Что можно сказать о самом рассказчике? Он явно принадлежит к той категории людей, которую позднее стали называть романтическим словом «викинги»; в гомеровские же времена для ее обозначения употреблялся более приземленный, но также достаточно точный термин «разбойники» («»).Отметим, однако, что Одиссею, при всех его соответствующих профессиональных качествах, присуща и некая душевная тонкость: перед тем как отплыть, он трижды окликает по имени каждого из погибших товарищей – то есть, сокрушаясь о невозможности похоронить их тела, он пытается, по крайней мере, призвать с собою их души. Так все они вместе и отплывают; и если бы не Зевс, который поднял северный ветер, уже недели через две представилась бы им долгожданная возможность «вволю попировать» на Итаке. Но Малейский мыс обогнуть не удалось, «занесло куда-то за Киферу» – и на этом, собственно, реальная география «странствий» заканчивается.
Девять дней нас носило ветрами, на десятый прибило к земле лотофагов, что питаются цветами ( ). У этих цветов есть такая особенность, что всякий, кто их поест, забывает, откуда явился, куда плывет – да и желанье куда-нибудь плыть у него пропадает. Только жует и жует лотос, словно корова.

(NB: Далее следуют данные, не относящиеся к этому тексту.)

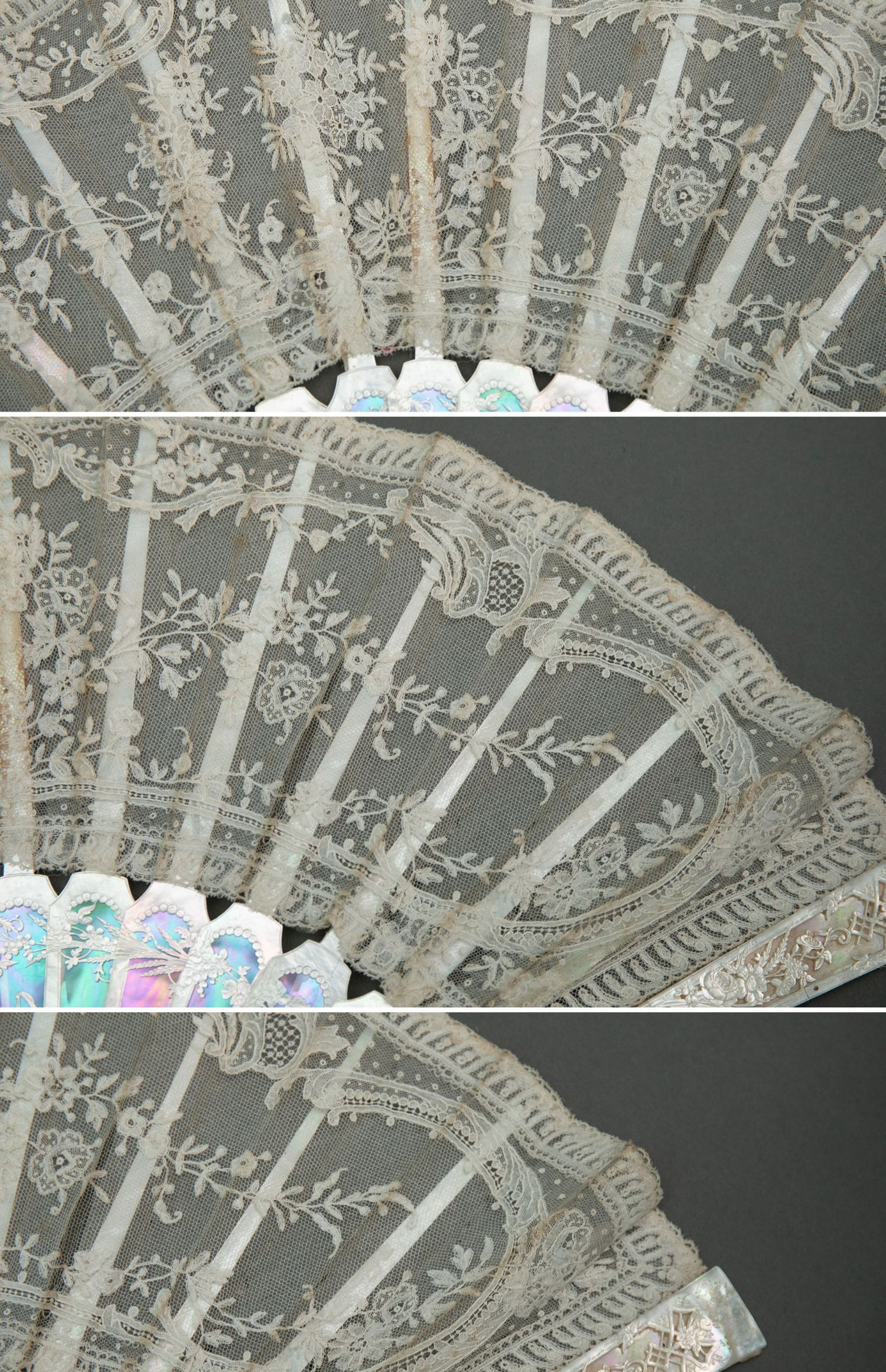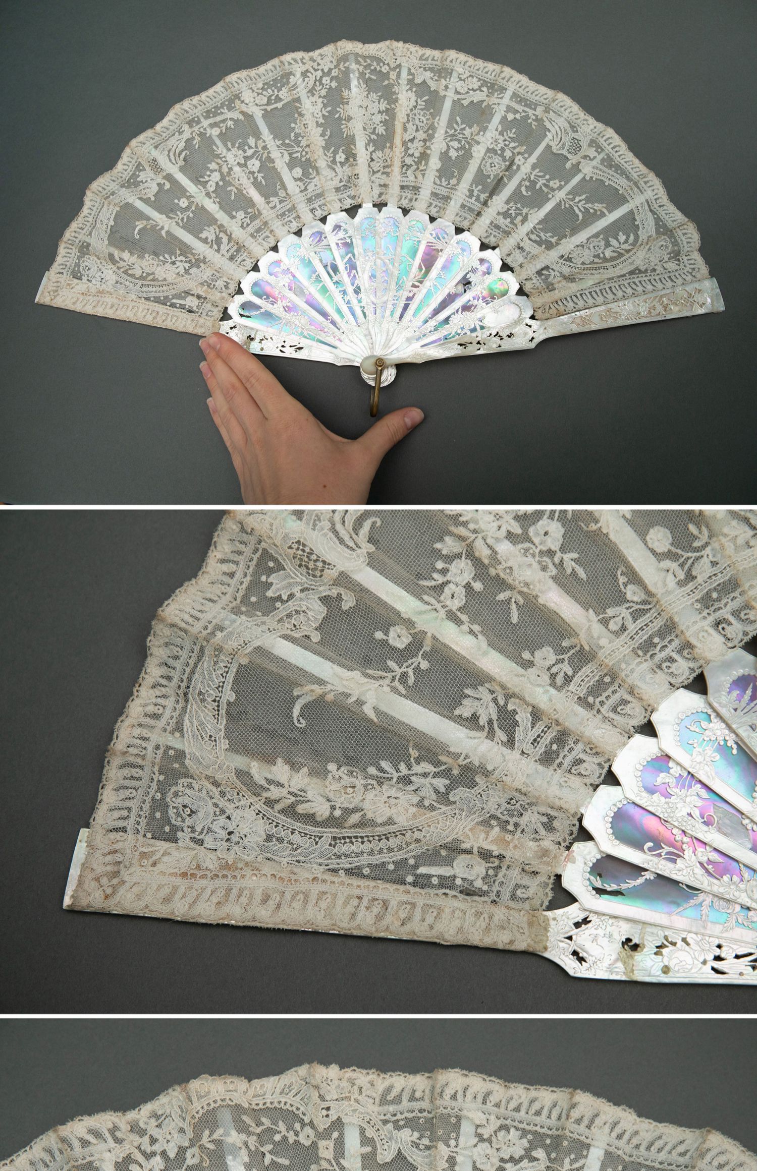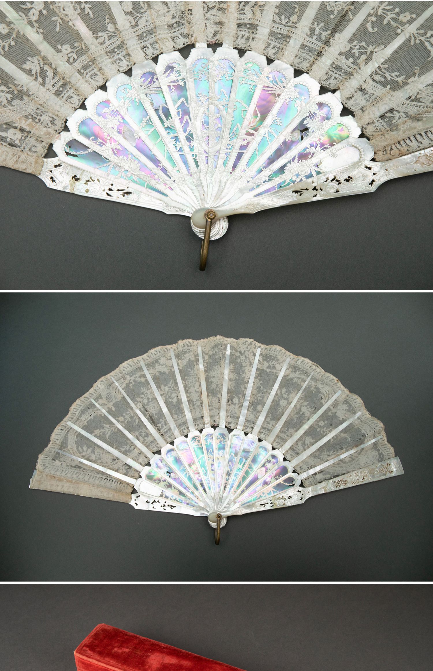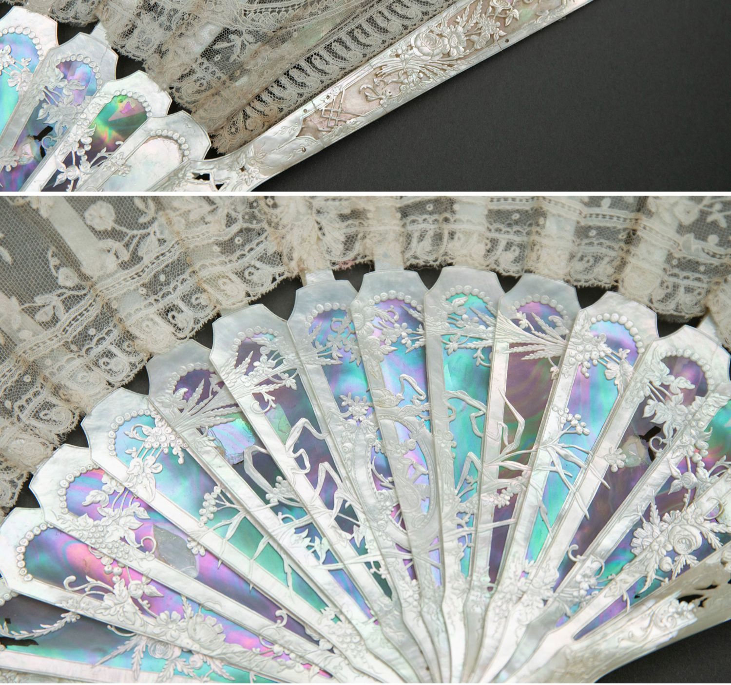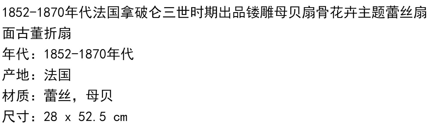 独角鹿西洋古董法国镂雕母贝扇骨花卉主题蕾丝扇面古董折扇
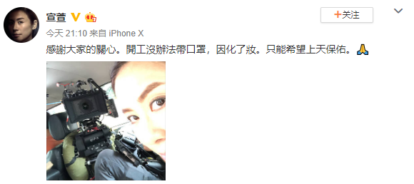 2月25日晚,宣萱晒自拍照,并写道:“感谢大家的关心。开工没办法带口罩,因化了妆。只能希望上天保佑。”照片中,宣萱化着精致的妆容,漂亮的大眼,前方架着摄影机,看来是开工了。网友留言称:“女神照顾好自己,勤用消毒液。”“期待新剧!”“注意防护!”
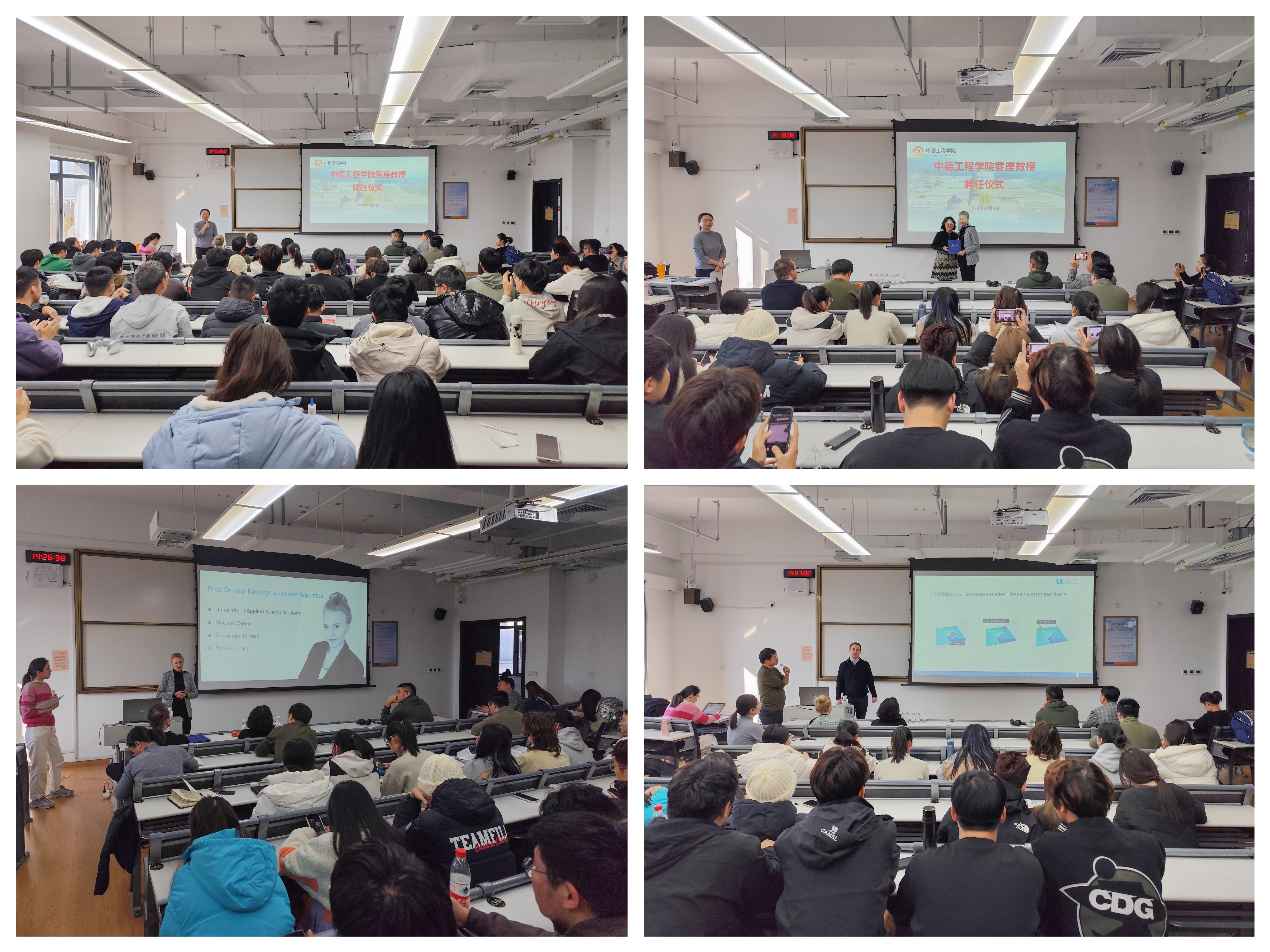 聘任仪式结束后,Katarzyna Kapustka 教授以《工程学的未来前景》为主题,为学院复合材料与工程、化学工程与工艺专业的学生进行了深入的学术交流汇报。在报告中,Katarzyna Kapustka教授详尽阐述了工程学对社会发展的深远意义,以及其技术进步与发展趋势。她从数字化、可持续发展、全球化、人口变化等四个维度,深刻剖析并积极肯定了工程学作为实现未来可持续发展和创新进步的关键力量。在结束时,她引用了爱德华·泰勒(Edward Teller)的名言:“今天的科学即是明天的技术”,寄语在座学子,期望他们将来能够熟练运用自身专业技能,掌握先进技术,为推动行业未来发展贡献力量。
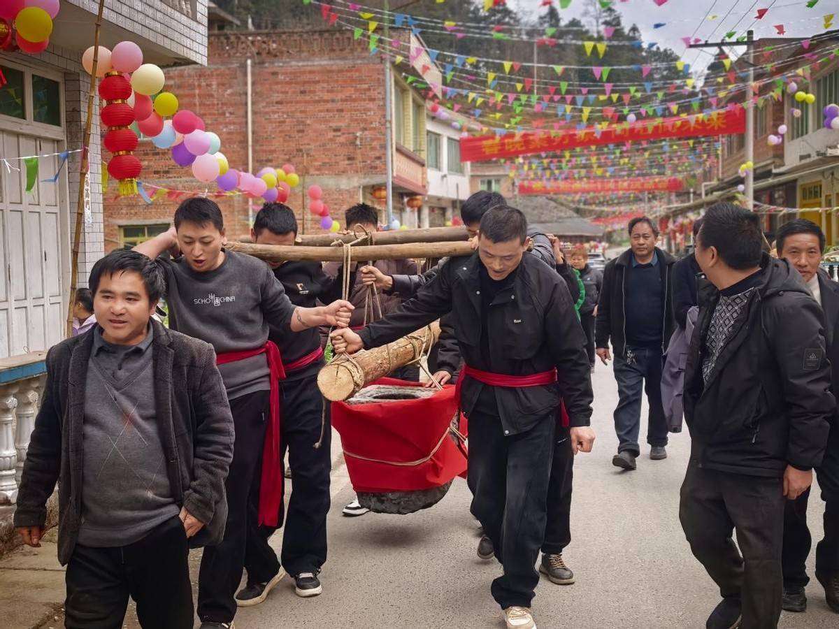 晚会开始之前,组里的年轻人们早早忙活起来,在老人们的带领下,封存已久的石臼与木槌在一声声的号子中被请出。石臼前,糯米飘香,大家轮番上阵、合力捶打,热气腾腾的糯米在石臼里越捶越香。一槌一棒皆是年味,一揉一捏满是乡情,浓浓的年味儿随着糍粑的香气飘满整个村庄,为这场家门口的春晚提前暖场。
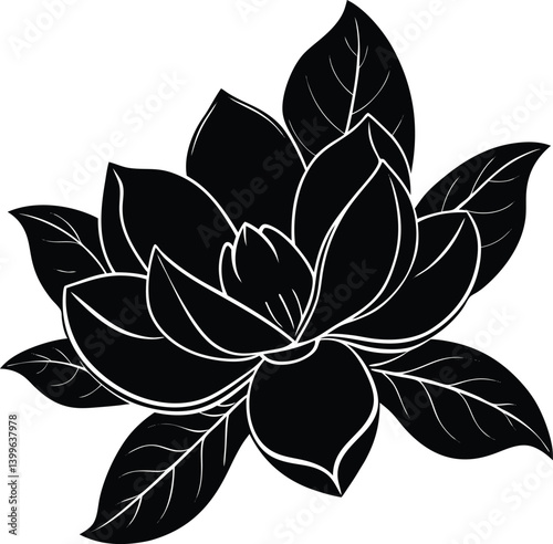 Obraz premium Magnolia Silhouette Vector | Elegant Flower Design for Nature and Floral...
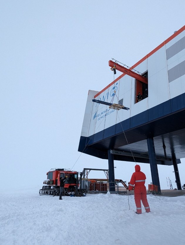 Today's weather is unpleasant, with light snow drifts and wind speeds of up to 20 knots (37 kilometres per hour). And tomorrow is expected to be even worse. Before then, we plan to bring the TRIPLE-IceCraft melting probe to Neumayer Station III. To do this, we will remove the probe from the container and place it on a snow crawler that will transport it to the station.
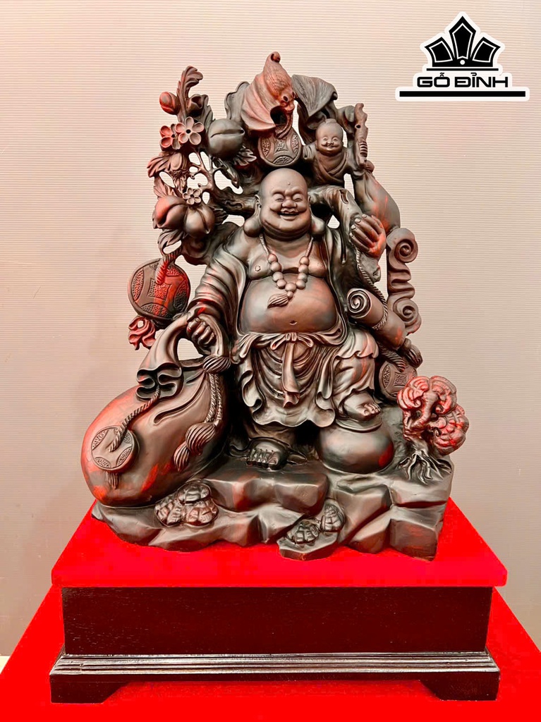 Tượng Phật Di Lặc Nhất Phúc Gỗ Trắc Cao 76 Ngang 51 Sâu 27 (cm)

Описанная здесь «страна забвения», как мы отметили выше, не относится к области реальной географии, и попытки рассматривать ее в этом ключе едва ли окажутся плодотворными. На наш взгляд, уместнее было бы понимать страну лотофагов как метафорическое обозначение «страны смерти», тем более что в древности понятия «смерти» и «забвения» естественным образом связывались (в качестве примера можно упомянуть хотя бы всем известную Лету, нормально и законно принадлежащую именно загробному миру). Отметим, однако, следующий принципиально важный момент, уже вводящий нас в круг «мифологии богини» несмотря на то, что некоторые из товарищей Одиссея проявили неосторожность и попробовали-таки лотоса, путешествие для них на этом отнюдь не прекратилось, – Одиссей силой загнал их на корабль и привязал к скамьям, невзирая на все их сопротивление и даже «слезы». То есть – если перевести мифологические образы на язык понятий – «забвение» и «смерть» не являются абсолютным препятствием для дальнейшего «движения» и, следовательно, жизни; в связи с этим хотелось бы еще раз повторить фразу, сказанную выше в ином, но типологически близком контексте: «так все они вместе и отплывают».
Внимательный, а тем более знакомый с оригиналом читатель, разумеется, не преминет заметить в нашем переводе отсутствующую в тексте «Одиссеи» фразу: «Только жует и жует лотос, словно корова». Это выглядит, разумеется, как эксцентричная вольность, однако идея, которую мы пытались наглядно выразить таким способом, вовсе не «эксцентрична». Заметим, что гомеровский «лотос» отнюдь не является «лотосом» в современном понимании слова. Согласно словарю Вейсмана, «лотосом» у Гомера называется разновидность клевера; в любом случае, из четвертой песни «Одиссеи» очевидно следует, что «лотос» – вполне привычное для греков растение, являющееся, наряду с ячменем, излюбленным кормом домашнего скота. Отождествить лотос четвертой песни с лотосом, которым угощают лотофаги, мешает отсутствие видимых связей между клевером и забвением; однако в дальнейшем мы попытаемся показать, почему подобное отождествление в принципе допустимо.